* YOUR OBJECTIVE
Among the entries below, find the line with "Projeto de decoração" and the line with "مسكة من الكالا". Return exactly those lines and every line between them, but no pictures.

* EXERCISE DATA
==============================

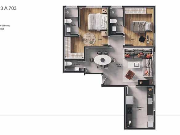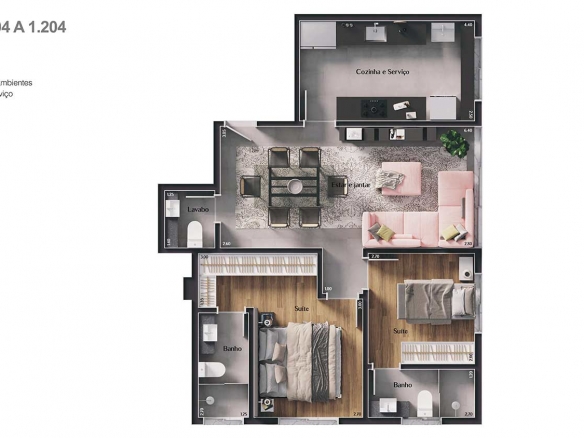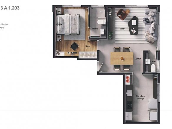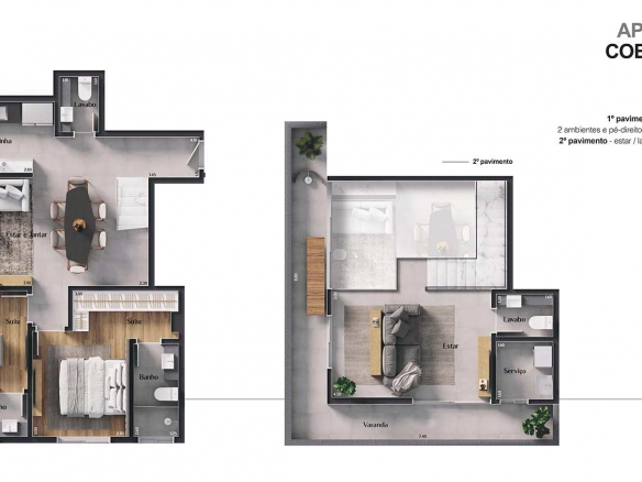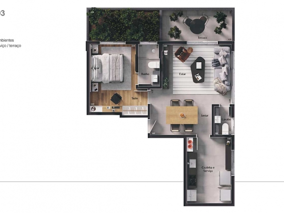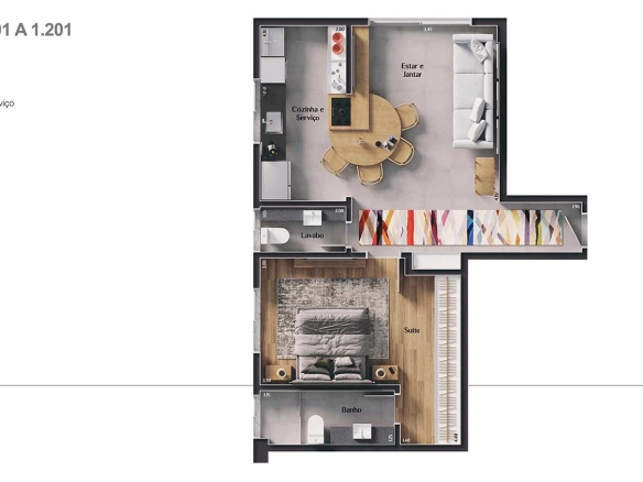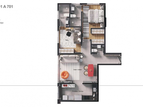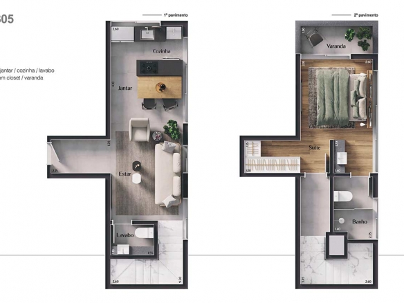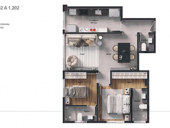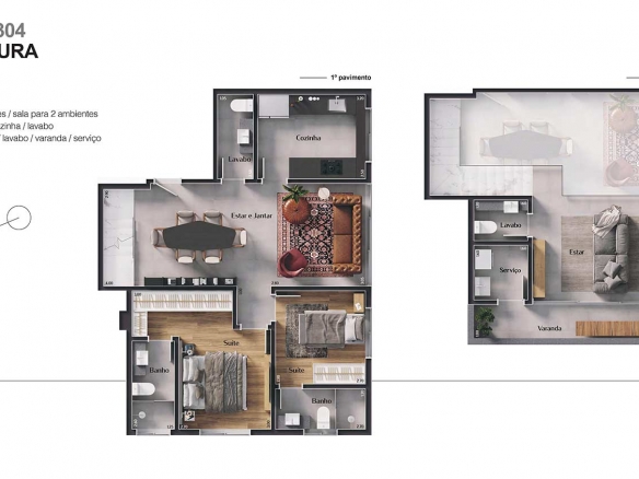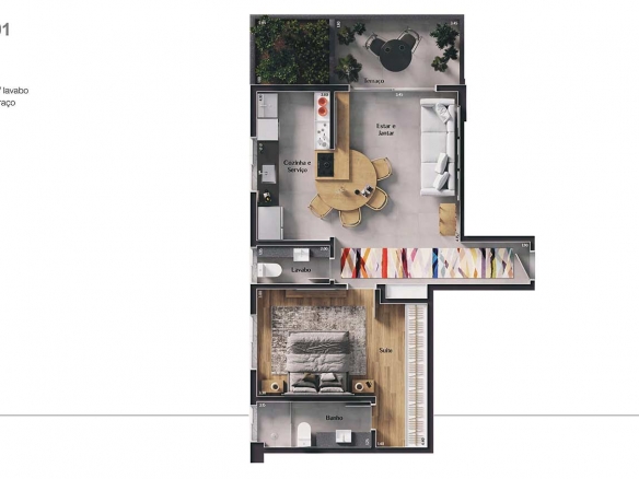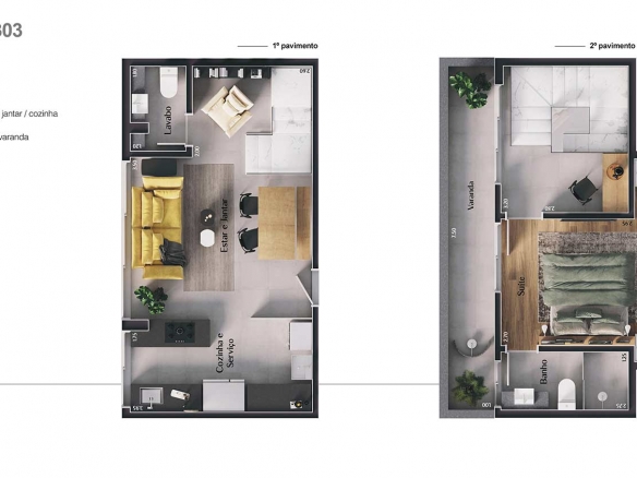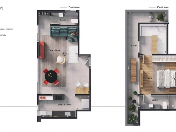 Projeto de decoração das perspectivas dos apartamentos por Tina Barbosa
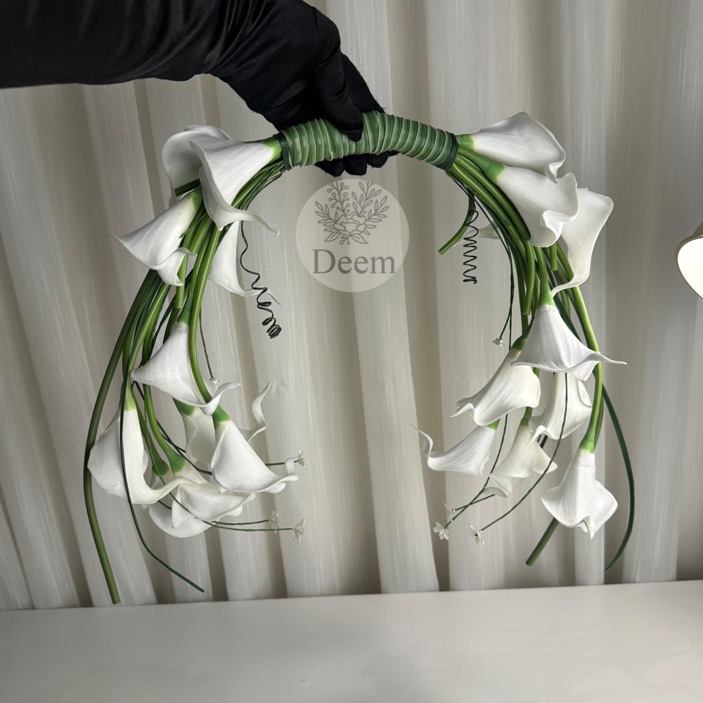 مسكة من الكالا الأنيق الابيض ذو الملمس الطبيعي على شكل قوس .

==============================

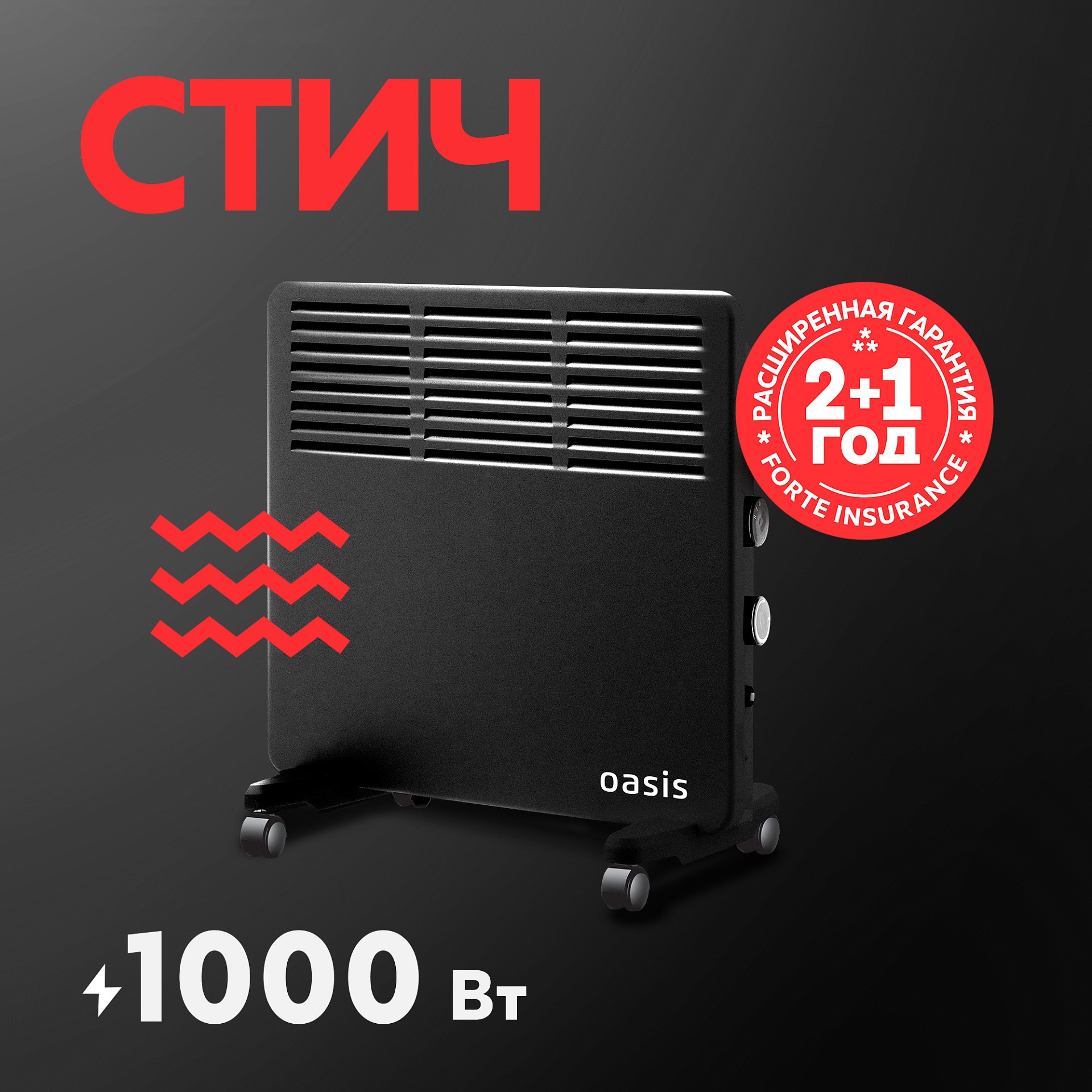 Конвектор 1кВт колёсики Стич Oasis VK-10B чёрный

==============================

* ANSWER SPACE
 Projeto de decoração das perspectivas dos apartamentos por Tina Barbosa
 مسكة من الكالا الأنيق الابيض ذو الملمس الطبيعي على شكل قوس .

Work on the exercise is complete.